One way to preserve public IP addresses is through the use of blocks of non-routable IP addresses specified in RFC 1597. You may sometimes hear them referred to as “private” IP addresses, which is nice, but not technically accurate. There are three different blocks to choose from:

10.0.0.0 – 10.255.255.255 with a netmask of 255.0.0.0

172.16.0.0 – 172.31.255.255 with a netmask of 255.255.0.0

192.168.0.0 – 192.168.255.255 with a netmask of 255.255.255.0

as long as your internal network IP addresses are all in one of these address space blocks, you won’t need to introduce routing complexity into your LAN. An example example for those who don’t know is shown below:

PIX – 192.168.0.1 netmask 255.255.255.0

File/DHCP server – 192.168.0.2 netmask 255.255.255.0

Workstation – 192.168.0.10 – 192.168.0.254 netmask (each) 255.255.255.0

* I intentionally skipped the 192.168.0.3-9 addresses to plan for future expansion and the possible need for additional servers, you don’t have to.

* Configure your DHCP server to distribute addresses in the specified block using the DNS server provided by your ISP for name resolution. Be sure to change this if you ever decide to install a name server in your own network.

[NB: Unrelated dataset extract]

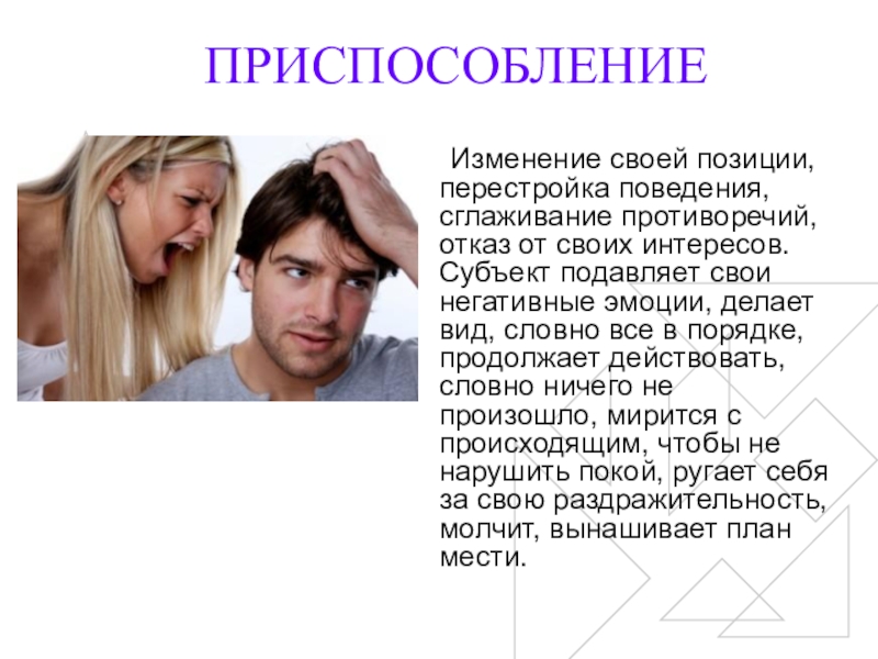 Изменение своей позиции, перестройка поведения, сглаживание противоречий, отказ от своих интересов.

* If you don’t want to set up a DHCP server, just configure each PC with IP address, default gateway, netmask and DNS server.

It is very important now to add a default route to the PIX configuration. Another term for default route is “default gateway.” You need to tell the PIX that if it receives traffic destined for a non-directly connected network, it should forward it to the connected ISP router. Your ISP should have provided you with your default gateway IP address when you received your configuration information.

Here is the syntax:

Road

The English translation is “if the packet destined for the interface on the network specified in the network address is limited by mask, then its route through a next hop in the order if you want to be used to give an indication of distance.

For example

pixfirewall(config)# Route outside 0 0 1

(if packets are destined outside the network to any IP address with any netmask, send them through the ISP’s default gateway, which is one hop away, i.e. the device that the PIX is connected to on the outside interface).

To password protect your PIX to prevent unauthorized access, use something secure and hard to guess. Try to stay away from names of spouses, children, pets, birthdays or other easily guessable variables. Whenever possible, use a combination of letters and numbers. The syntax is as follows (but please do not use cisco as your current password)

pixfirewall(config)# Passwd cisco (note the abbreviated spelling of password) this will set a password for basic access (remember the pixfirewall> prompt?)

pixfirewall(config)# Enable password cisco This will set the password for administrative access

Now that your PIX has been given a basic configuration, you should be able to access the Internet, while preventing unauthorized access to your resources.